▶ [COLLECTED DATA]:
■ ■ ■

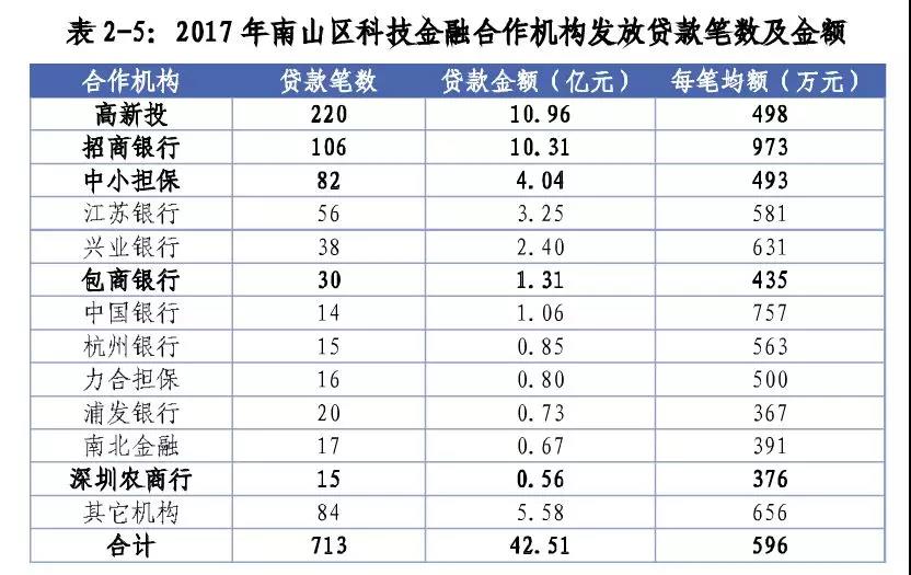 根据白皮书中披露的信息,2017年各机构合计发放南山科技金融贷款713笔,放款金额42.51亿元。
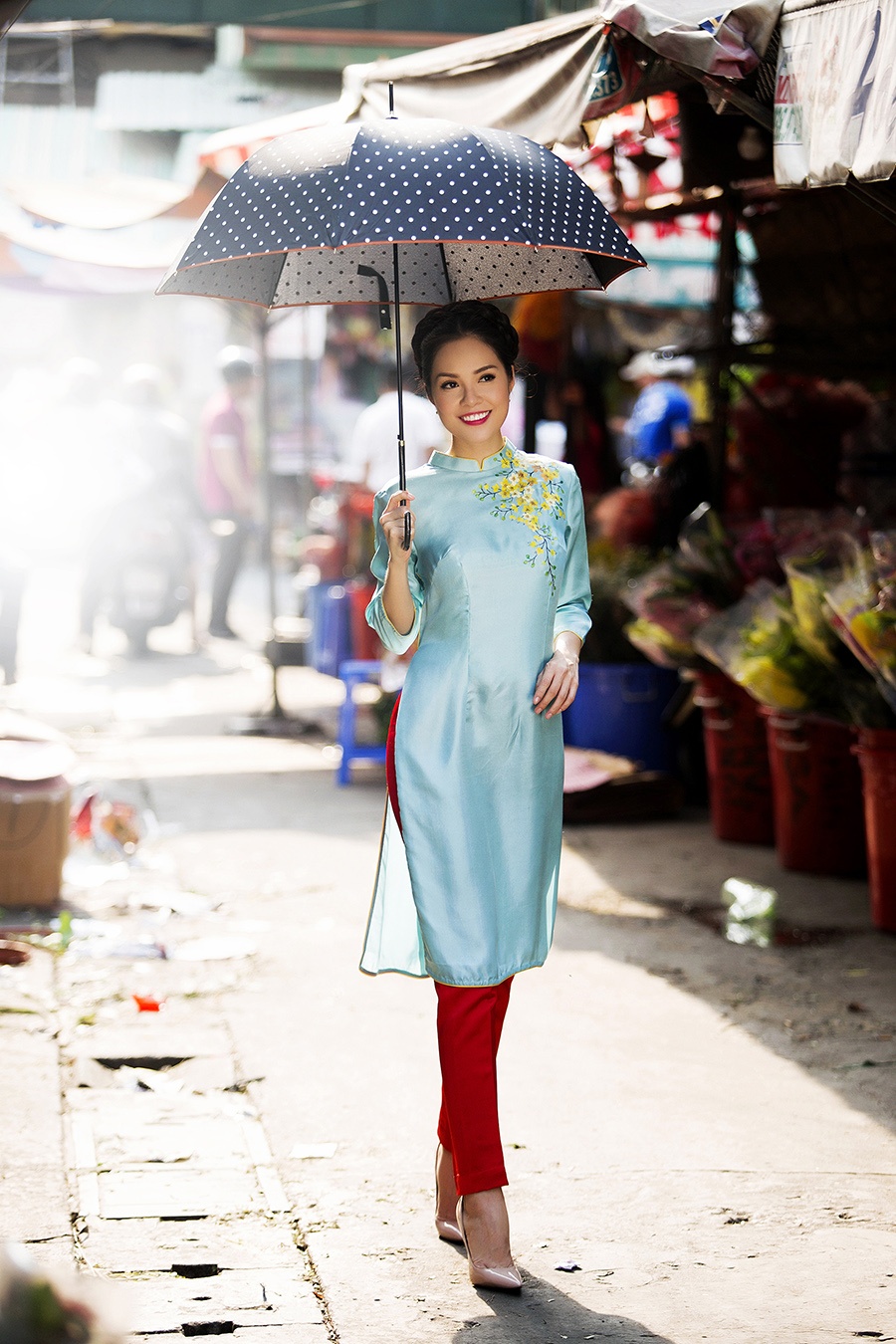 Dương Cẩm Lynh diện áo dài đi chợ Tết
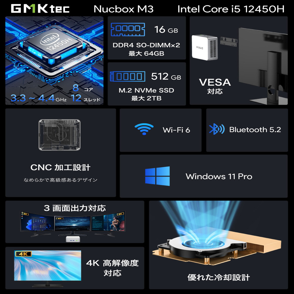 GMKtec NucBox M3は、Intel Core i5-12450H Processorを搭載した高性能ミニPCです。8コア12スレッド、最大4.4 GHz動作の高性能CPUと16 GBの大容量メインメモリ、512 GBのM.2 PCIe 3.0 高速SSDを搭載することで画像や動画編集なども快適に行えます。HDMI×2とUSB-C端子を組み合わせて最大3画面同時出力に対応します。
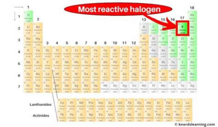 Hello and thanks for the question regarding the reactivity of the halogens. As you go down the group (fluorine down through astatine), the reactivity lessens. Fluorine is the most active halogen and iodine is the least reactive halogen. Astatine is rare and normally not used in any reactions that we write or use.

■ ■ ■

▶ [TASK DESCRIPTION]:
Within the data above, repeat exactly the lines from the one bearing "Dương Cẩm Lynh diện áo dài đi chợ Tết" through the one bearing "GMKtec NucBox M3は、Intel". Include no pictures and nothing else.

▶ [RESPONSE]:
 Dương Cẩm Lynh diện áo dài đi chợ Tết
 GMKtec NucBox M3は、Intel Core i5-12450H Processorを搭載した高性能ミニPCです。8コア12スレッド、最大4.4 GHz動作の高性能CPUと16 GBの大容量メインメモリ、512 GBのM.2 PCIe 3.0 高速SSDを搭載することで画像や動画編集なども快適に行えます。HDMI×2とUSB-C端子を組み合わせて最大3画面同時出力に対応します。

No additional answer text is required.